Nadie en su sano juicio esperaba que el equipo dirigido por Álvaro Arbeloa entrara en este “slump” cuando el final de Liga está a la vista, pues, aunque perder contra el Osasuna dolió por la falta de puntería, ya lo del Getafe había prendido las alarmas en Valdebebas. No es solo que no se sume seguido, es que el equipo se ve pesado, como si estuvieran jugando con las botas llenas de arena. La fluidez en el medio campo desapareció y la defensa anda más distraída que uno en el tráfico de la Francisco Fajardo a las seis de la tarde. ¿Qué le pasa al Madrid? Es la pregunta que se hace todo el mundo. A nuestro modo de ver, no es falta de talento, es una crisis de identidad que les está pasando factura en el momento menos oportuno, justo cuando el calendario aprieta y los puntos valen oro.

 

El Real Madrid y Arbeloa

 

El fantasma del Barcelona y la presión del liderato

 

Mientras el Madrid anda pasando aceite, su archirrival, el Barcelona, parece ir montando en un misil, aunque suene cruel por lo de la “guerra” en Medio Oriente. Esa es la verdadera piedra en el zapato, la distancia en la tabla se está estirando como un chicle y el barcelonismo ya empieza a sacar pecho.
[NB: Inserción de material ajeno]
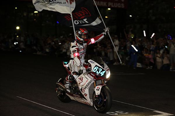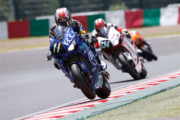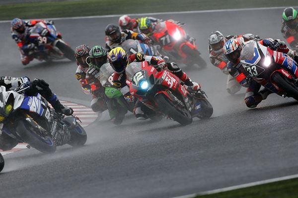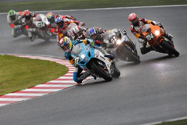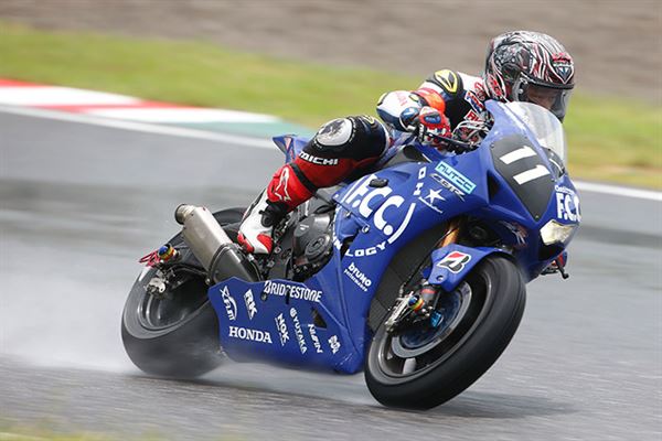 由於雨勢實在是大到讓原訂當地時間早上11點整開跑的比賽,整整延後了一個多小時開跑,但結束時間並沒有往後順延,八耐也變成了七耐,但準備了一整年就為了這一場,盡管對於雨天騎車心中多少會有些顧忌,硬著頭皮還是要上。鳴槍起跑後,最前方由『F.C.C. TSR Honda』、『Team Kagayama & Verity』與『TOHO Racing with Moriwaki』三隊展開激戰,一開始由『TOHO Racing with Moriwaki』的山口辰也超越『Team Kagayama & Verity』的Aegerter後暫時領先,但『F.C.C. TSR Honda』的秋吉耕佑速度更快,沒一會兒功夫就超越山口辰也,領先群雄並形成了穩定的獨走局面。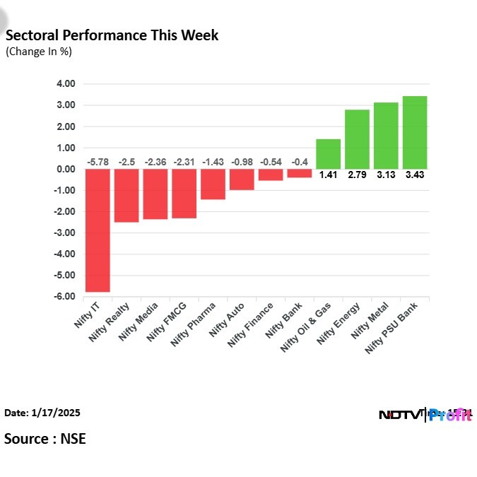 IT stocks were among the worst performers as worries over revenue guidance by top players dampened outlook, dragging the Nifty IT down by 6% in the week.

Pero ojo, que no es solo el Barça; el Atlético y hasta el Villarreal están ahí, «cuchillo entre los dientes», aprovechando cada resbalón blanco para colarse en la fiesta. La rivalidad histórica le añade un peso extra a esta crisis. Ver al archienemigo cabalgar en la punta mientras tú no puedes ganar de a dos seguidos es un golpe al ego que el madridismo no digiere fácilmente. La Liga española ya no es un paseo de dos; ahora, si te descuidas un segundo, cualquier equipo te «vacila» y te deja claro y sin vista.

 

¿Podrá Arbeloa enderezar el barco?

 

La pregunta de “las sesenta y cuatro mil lochas” es: si este grupo tiene la casta para levantar cabeza. Arbeloa tiene la pizarra hirviendo, sí señor, necesita sacudirse el polvo y recordarles a sus jugadores que la camiseta del Real Madrid no gana partidos por sí sola. Para pelear el liderato, tienen que dejar de regalar puntos «por manguarear» y recuperar esa pegada que los hace temibles. El torneo todavía tiene tela que cortar, pero el margen de error se volvió microscópico. Si el Madrid quiere volver a la pelea y no dejarle el camino libre al Barcelona, tiene que reaccionar ¡ya! No hay mañana. Como diría Papaíto: «Dígalo ahí, ¡qué angustia, qué nervios, qué desesperación…». Es hora de que el Rey de Europa demuestre si todavía tiene corona o si esta temporada se quedará solo en suspiros y lamentos. ¡Veremos!